Start of Supplied data
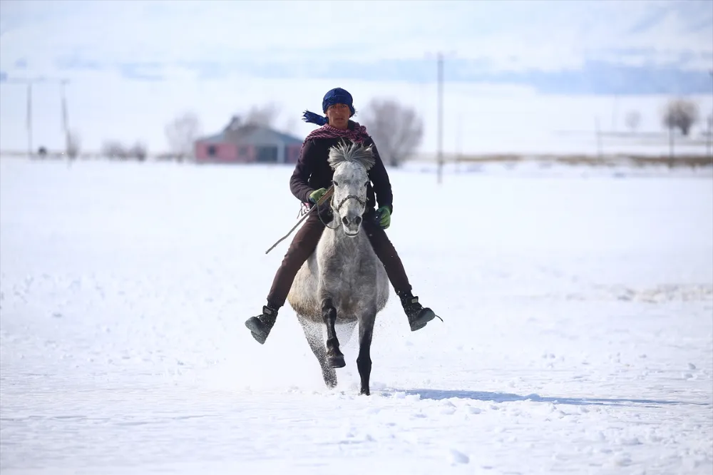 Beyaz örtüyle kaplı arazide at binen ve dört nala ilerleyen gençler, sert ve karlı zeminde hayvanlarının sakatlanmamasına da özen gösteriyor.
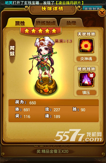 镇压这个援护一般没什么用,但是某些情况下有奇效,比如锁妖塔(PS.如果以后全民+5了这个援护有加分)
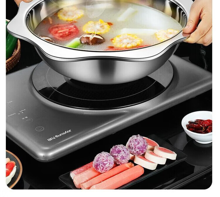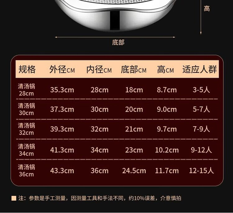 HKNA stainless steel hot pot basin thickened clear soup pot household induction cooker special large capacity commercial restaurant hot pot pot upgraded 36cm clear soup pot 36cm
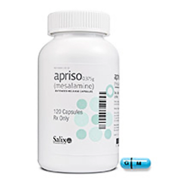 Mesalamine (Apriso) is a locally acting aminosalicylate indicated to treat and prevent flare-ups of ulcerative colitis.
End of Supplied data
◆ Exercise ◆
Write out an exact copy of the listing, first line through the line containing "HKNA stainless steel", with the pictures left out.

◆ Written response ◆
 Beyaz örtüyle kaplı arazide at binen ve dört nala ilerleyen gençler, sert ve karlı zeminde hayvanlarının sakatlanmamasına da özen gösteriyor.
 镇压这个援护一般没什么用,但是某些情况下有奇效,比如锁妖塔(PS.如果以后全民+5了这个援护有加分)
 HKNA stainless steel hot pot basin thickened clear soup pot household induction cooker special large capacity commercial restaurant hot pot pot upgraded 36cm clear soup pot 36cm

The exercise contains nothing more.